Even without Nico Walker's unusual biography, his debut novel, Cherry, would be impressive. But the fact that it was produced by an Iraq War combat veteran and drug addict while serving time for bank robbery in federal prison unquestionably adds to its power. Walker is a talented writer whose depiction of how it feels for a soldier to return from a war his country would like to forget, only to join a growing army of addicts in a crisis that country can't solve, is as timely as it is terrifying.

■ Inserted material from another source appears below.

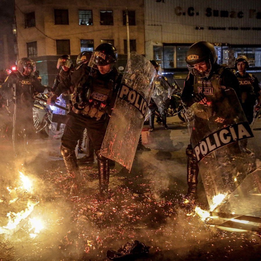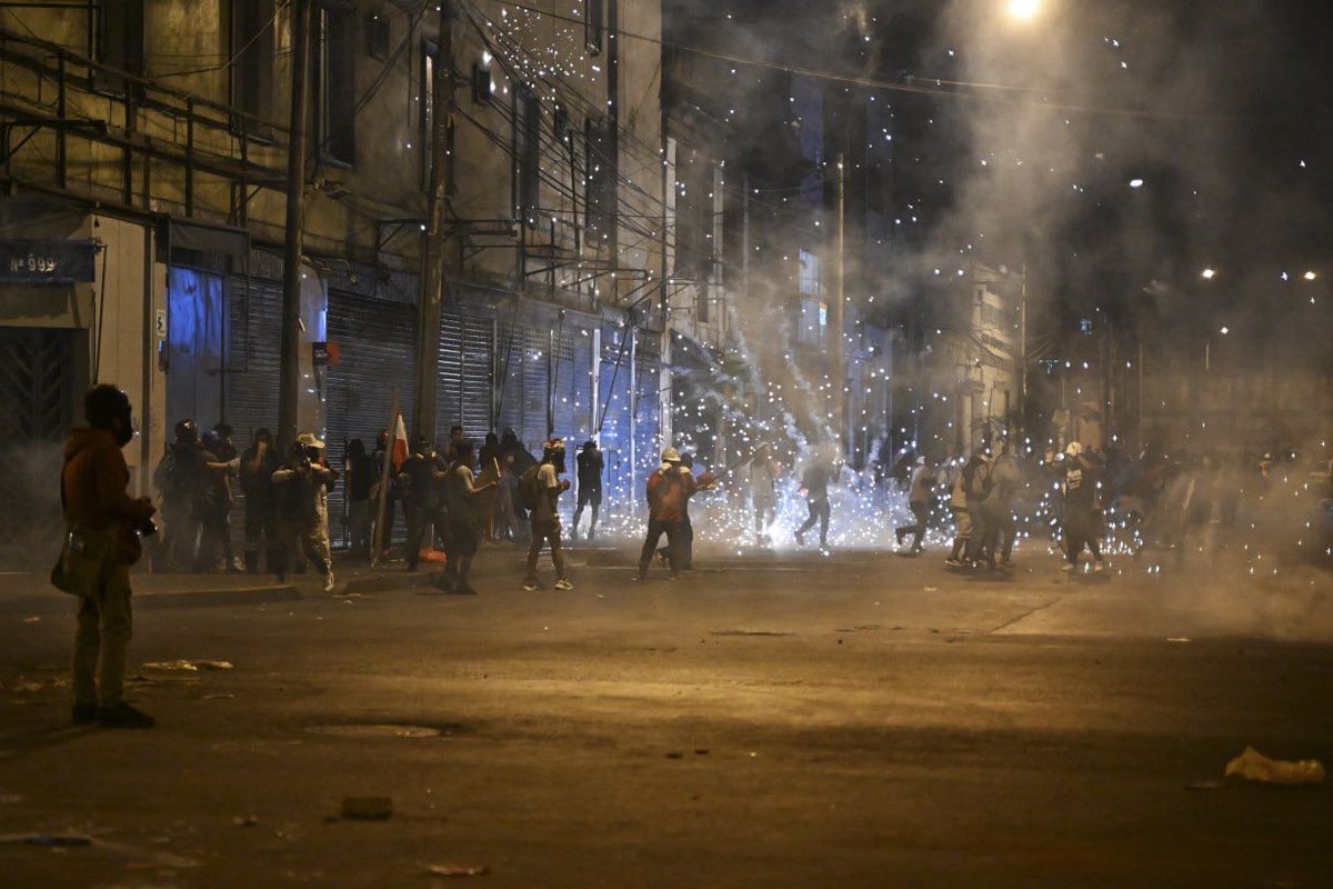 At nightfall, the police dispersed the demonstrators with tear gas as they advanced towards the Peruvian Congress building and the vicinity of the Palace. Protesters confronted security forces by throwing fireworks, and protected themselves with makeshift helmets and shields.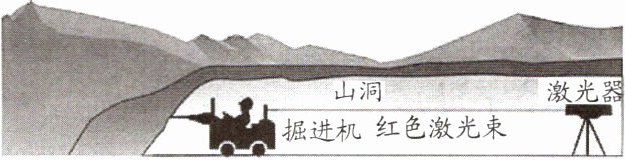本题考查光的直线传播的应用。光在同种均匀介质中沿直线传播,激光器发出一束激光,由于光的直线传播,就可以射入隧道,掘进机就可以沿着直线前进,保证方向不会出现偏差。生活中,由于光的直线传播形成的现象很多,如小孔成像、影子的形成、日食月食、激光准直等。

There's nothing heroic or noble about the unnamed narrator's military service in Iraq in 2005-2006. A medic, he's sent on endless patrols that mostly involve kicking down doors on the chance he'll find bad actors behind them, all the while hoping to avoid random, instantaneous death at the hands of an improvised explosive device.
But as much as Cherry is a story about war and its consequences, it's also a love story, if a sadly perverted one. The narrator and his wife (and ex-wife), Emily, can't live together or apart. The scenes of their mutual self-destruction and the desperate search for money to buy more drugs (that eventually leads to bank robbery in order to avoid the agony of withdrawal) are nightmarish. To the obvious question why anyone would want to live this way, Walker helps us understand that, for these two characters, there's no choice.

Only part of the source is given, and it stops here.